With the advance in typing tools and extraction procedures in recent years, DNA analysis has developed into an amazingly powerful method for forensic analysis. For a number of years, autosomal STR (Short Tandem Repeat) typing has been used as a tool in the process of identification of war victims in Croatia. Although DNA typing is very effective in detecting possible identities of exhumed skeletal remains, this approach bears some risk of false identification. The paper presents the case of a match between skeletal remains and the son and wife of a missing person in 13 STR loci. Even though these skeletal remains also matched in 13 loci the mother of the same missing person, additional genetic testing (Y-chromosome and mitochondrial DNA) unequivocally excluded the proposed identity.
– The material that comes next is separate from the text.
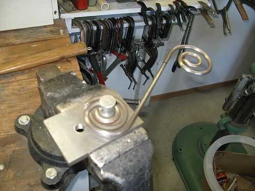 La segunda espiral de la varilla de la base de la espiral se hace igual que la espiral en el otro extremo. Asegúrese de que vas en sentido contrario para que la base se vea como la foto.
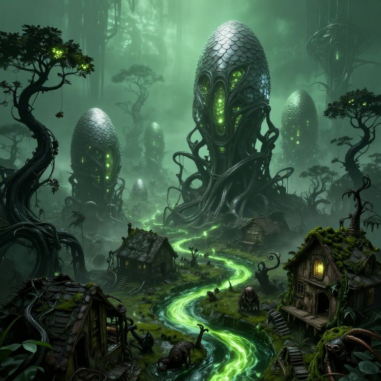 The image depicts a dark, grungy, and unsettling scene of a concrete sewage aqueduct, with a filthy, unsanitary appearance. The aqueduct is filled with toxic, bubbling green liquid, creating an eerie and nauseating atmosphere. The aqueduct's walls are covered in moss and grime, adding to the overall sense of decay and neglect. A large, ornate pipe, adorned with intricate golden designs, hangs above the aqueduct, casting a shadow over the scene. The aqueduct is flanked by rows of stone columns, which appear to be decaying and covered in moss. The overall composition is highly detailed, with a focus on the interplay of textures and colors, creating a sense of depth and realism. The image is a hyperdetailed masterpiece, with a dark, horror-like aesthetic, reminiscent of the works of artists like Gustave Dore and Tom Bagshaw. The scene is set in a nightmare-like environment, with a high contrast and a Seed value of 23760, making it a trending piece on CGSociety. The image is an 8k artwork, with a golden ratio composition, further enhancing its visual appeal.

Although likelihood ratio is the best measure of the significance of a genetic match between exhumed skeletal remains and relatives of the missing person, the meaning of likelihood ratio is not as clear in database matching as in simple paternity cases and great care is needed to avoid wrong interpretation. To reduce the risk of possible false identifications, in addition to DNA evidence, other types of evidence (such as information about the time, place and other conditions of disappearance), as well as on anthropological and other »classical« forensic data are being used as a »control mechanism« in the DNA-lead process.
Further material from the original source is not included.